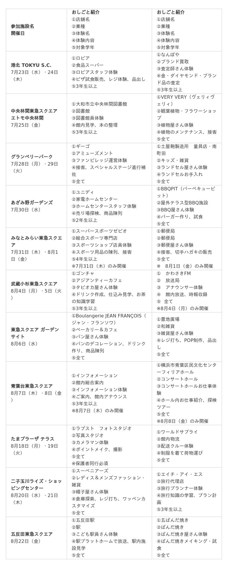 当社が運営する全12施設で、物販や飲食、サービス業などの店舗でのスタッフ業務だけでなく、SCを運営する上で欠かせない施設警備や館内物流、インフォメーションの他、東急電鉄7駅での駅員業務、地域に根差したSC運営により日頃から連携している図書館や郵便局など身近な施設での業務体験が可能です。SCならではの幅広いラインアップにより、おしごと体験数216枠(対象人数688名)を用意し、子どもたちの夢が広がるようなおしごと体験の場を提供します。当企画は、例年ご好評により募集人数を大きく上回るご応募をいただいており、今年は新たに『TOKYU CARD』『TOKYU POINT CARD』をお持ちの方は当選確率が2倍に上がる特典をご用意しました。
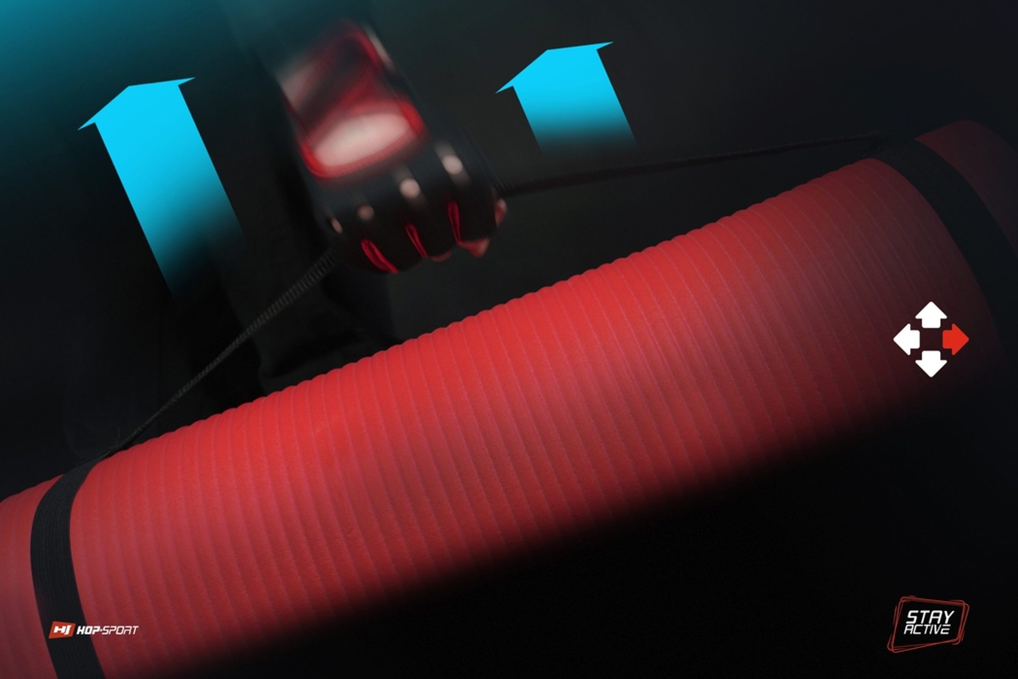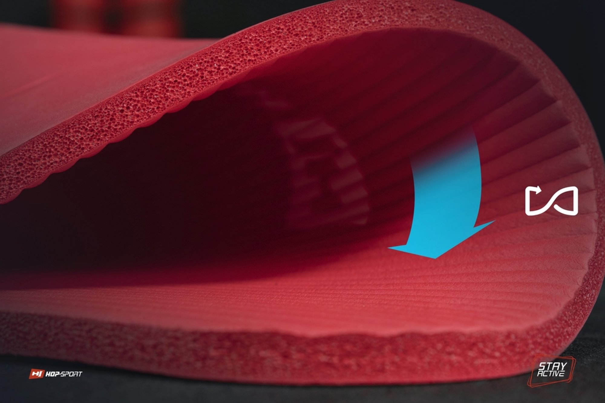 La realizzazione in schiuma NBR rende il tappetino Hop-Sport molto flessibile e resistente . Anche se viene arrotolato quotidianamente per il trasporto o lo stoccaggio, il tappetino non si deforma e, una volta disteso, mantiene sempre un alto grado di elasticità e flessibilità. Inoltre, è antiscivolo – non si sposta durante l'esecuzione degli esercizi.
--
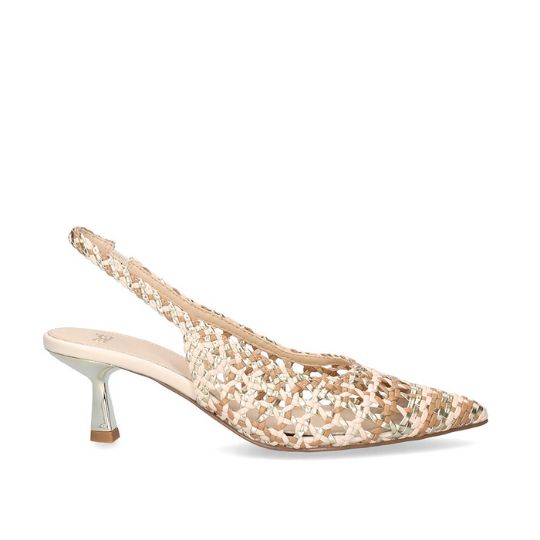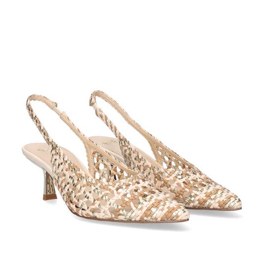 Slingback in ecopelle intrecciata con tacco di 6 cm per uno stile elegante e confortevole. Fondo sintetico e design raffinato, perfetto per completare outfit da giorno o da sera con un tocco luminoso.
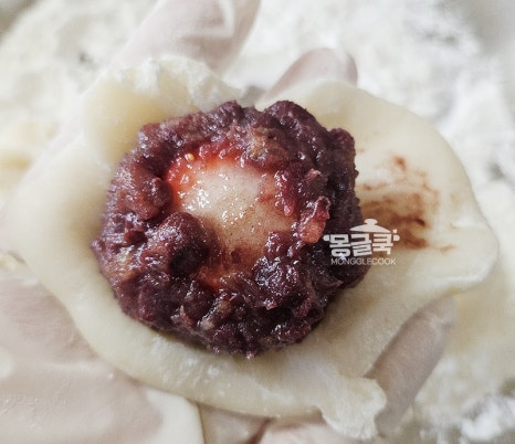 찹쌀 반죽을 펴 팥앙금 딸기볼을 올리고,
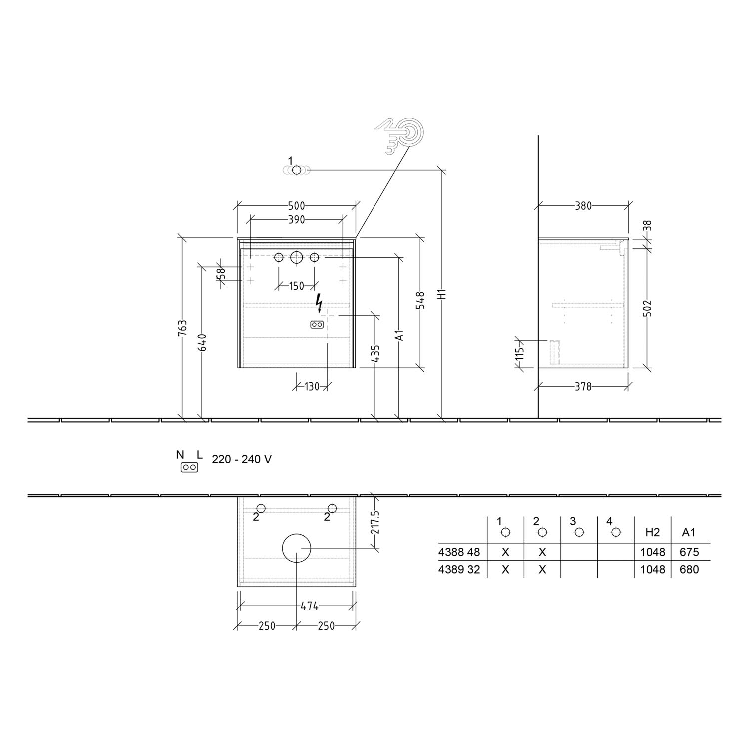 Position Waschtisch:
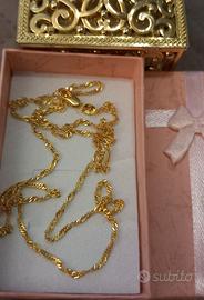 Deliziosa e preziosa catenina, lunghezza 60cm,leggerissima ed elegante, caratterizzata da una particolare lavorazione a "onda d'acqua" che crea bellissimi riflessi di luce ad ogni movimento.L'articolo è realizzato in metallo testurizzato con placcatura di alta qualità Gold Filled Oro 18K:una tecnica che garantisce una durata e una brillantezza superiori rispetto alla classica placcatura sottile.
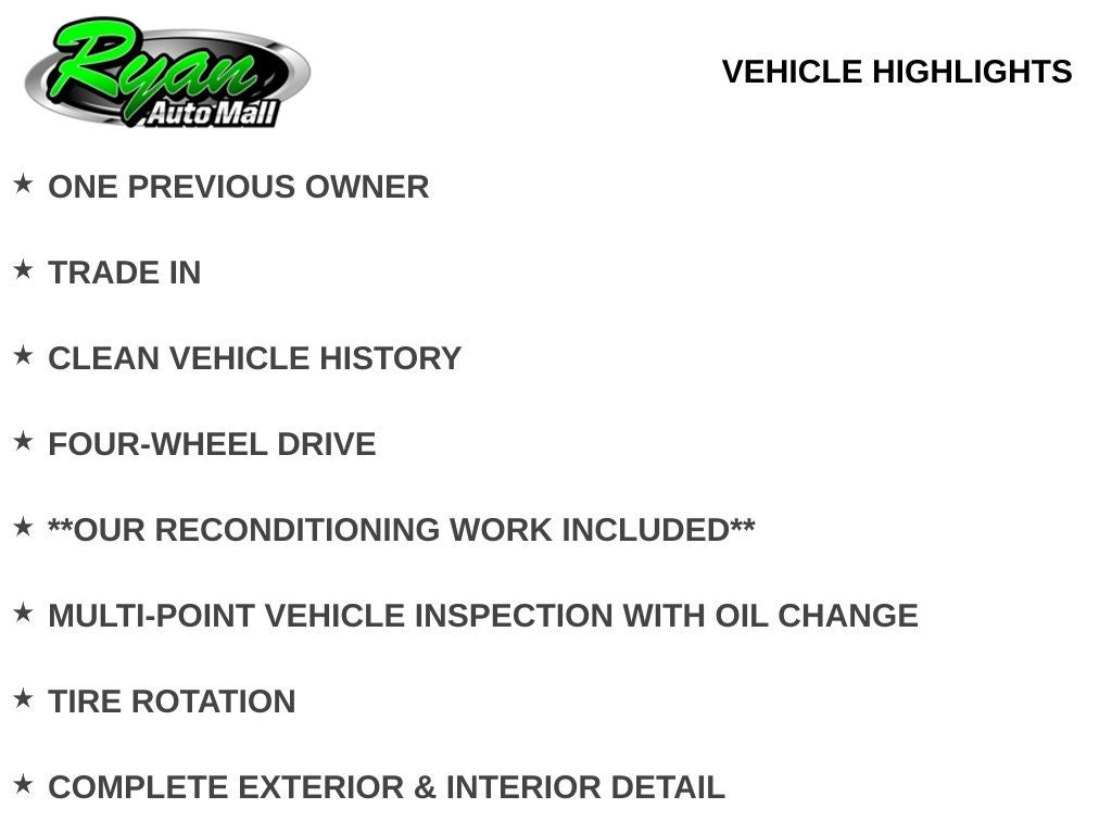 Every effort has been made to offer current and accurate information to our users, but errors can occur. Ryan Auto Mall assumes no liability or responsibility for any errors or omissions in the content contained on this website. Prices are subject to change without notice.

▸ **What the exercise asks**:
Give again the stretch of the entries above that begins at the line with "CARD』『TOKYU POINT CARD』をお持ちの方は当選確率が2倍に上がる特典をご用意しました。" and ends at the line with "La realizzazione in", word for word, with no pictures.

▸ **Written solution**:
 当社が運営する全12施設で、物販や飲食、サービス業などの店舗でのスタッフ業務だけでなく、SCを運営する上で欠かせない施設警備や館内物流、インフォメーションの他、東急電鉄7駅での駅員業務、地域に根差したSC運営により日頃から連携している図書館や郵便局など身近な施設での業務体験が可能です。SCならではの幅広いラインアップにより、おしごと体験数216枠(対象人数688名)を用意し、子どもたちの夢が広がるようなおしごと体験の場を提供します。当企画は、例年ご好評により募集人数を大きく上回るご応募をいただいており、今年は新たに『TOKYU CARD』『TOKYU POINT CARD』をお持ちの方は当選確率が2倍に上がる特典をご用意しました。
 La realizzazione in schiuma NBR rende il tappetino Hop-Sport molto flessibile e resistente . Anche se viene arrotolato quotidianamente per il trasporto o lo stoccaggio, il tappetino non si deforma e, una volta disteso, mantiene sempre un alto grado di elasticità e flessibilità. Inoltre, è antiscivolo – non si sposta durante l'esecuzione degli esercizi.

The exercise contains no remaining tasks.